Deploy Prompt and Flow

Un-ignore DataCloud search objects in the project

  • Open .forceignore file in this project. Comment out two lines below. Save.
# GenAI Prompt Templates with Data Cloud dependencies
**/RRA_EntitiesDatacloudSearch.genAiPromptTemplate-meta.xml
**/RRA_EntitiesDatacloudSearch.flow-meta.xml

Deploy DataCloud search objects

Configure access to the flow

By default, no one can use the flow you've just published. For debug purposes, you can immediately enable access by profiles. Or you can add permission to run the flow to a PermissionSet and then assign it to RRA users.

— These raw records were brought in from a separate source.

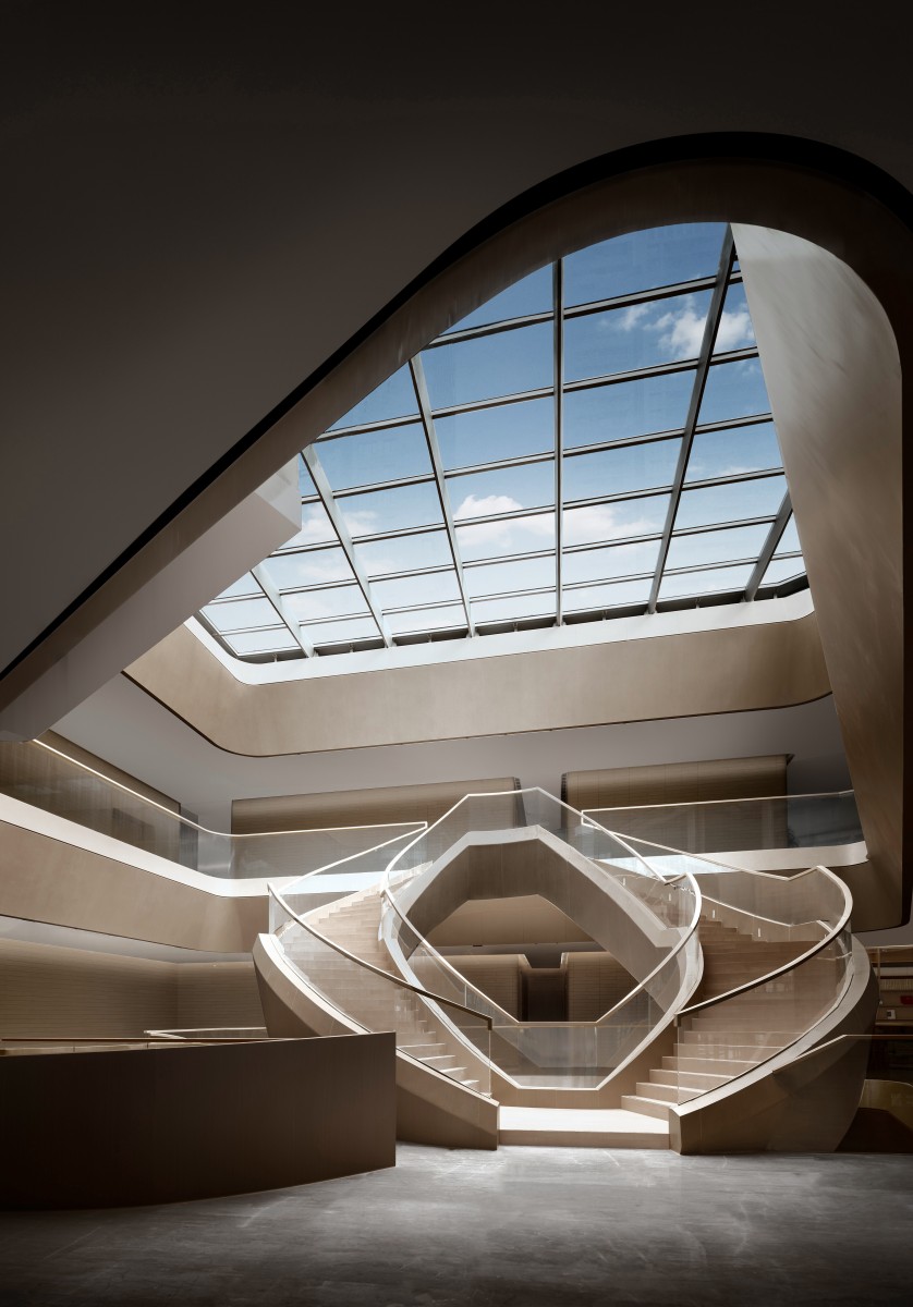 The “ring double” running ladder, the “conch” shaped road show ladder, and the “spring” rotating ladder connecting the underground layer are strategically positioned in the open atrium. The curves of the stairs create a captivating display under the flowing light and shadow on the projector surface of the large glass zenith, evoking a strong sense of curiosity for exploring the unknown world.
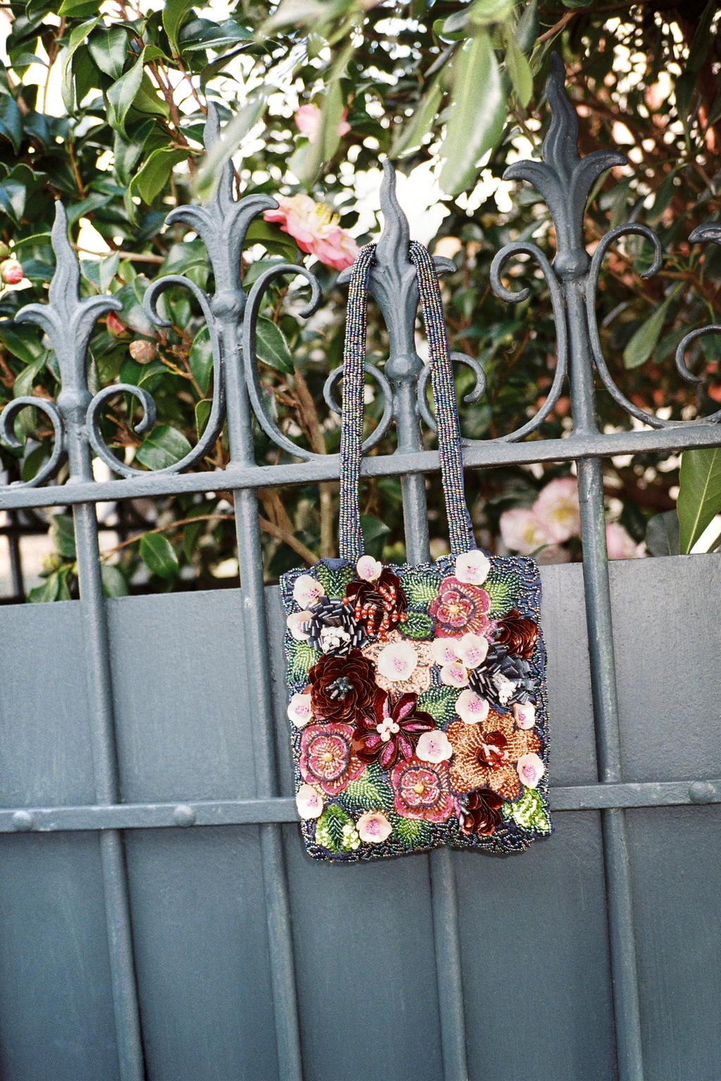 Mini tote bag with beaded detail on the top. Shoulder straps. Magnetic clasp closure.
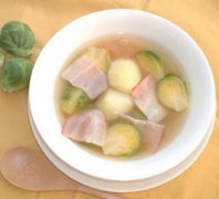 ベーコンと芽キャベツの簡単あったかスープ 寒い冬にぴったりのあたたかいスープです。 ベーコンがスープの味をひきたてます。 サガミハム 材料 (2人分) ベーコンスライス...

Debug/testing approach: set assignment on the flow

  • Setup -> Flows -> Locate RRA_EntitiesDatacloudSearch -> context on the right -> Edit access.
  • Check "Override default behavior and restrict access to enabled profiles or permission sets".
  • Select appropriate profiles and permisison sets (eg Standard User, System Administrator for test). Save.

Debug the flow

Setup -> Flows -> Select flow RRA_EntitiesDatacloudSearch -> Open -> Debug. If the flow returns without error, it's set up.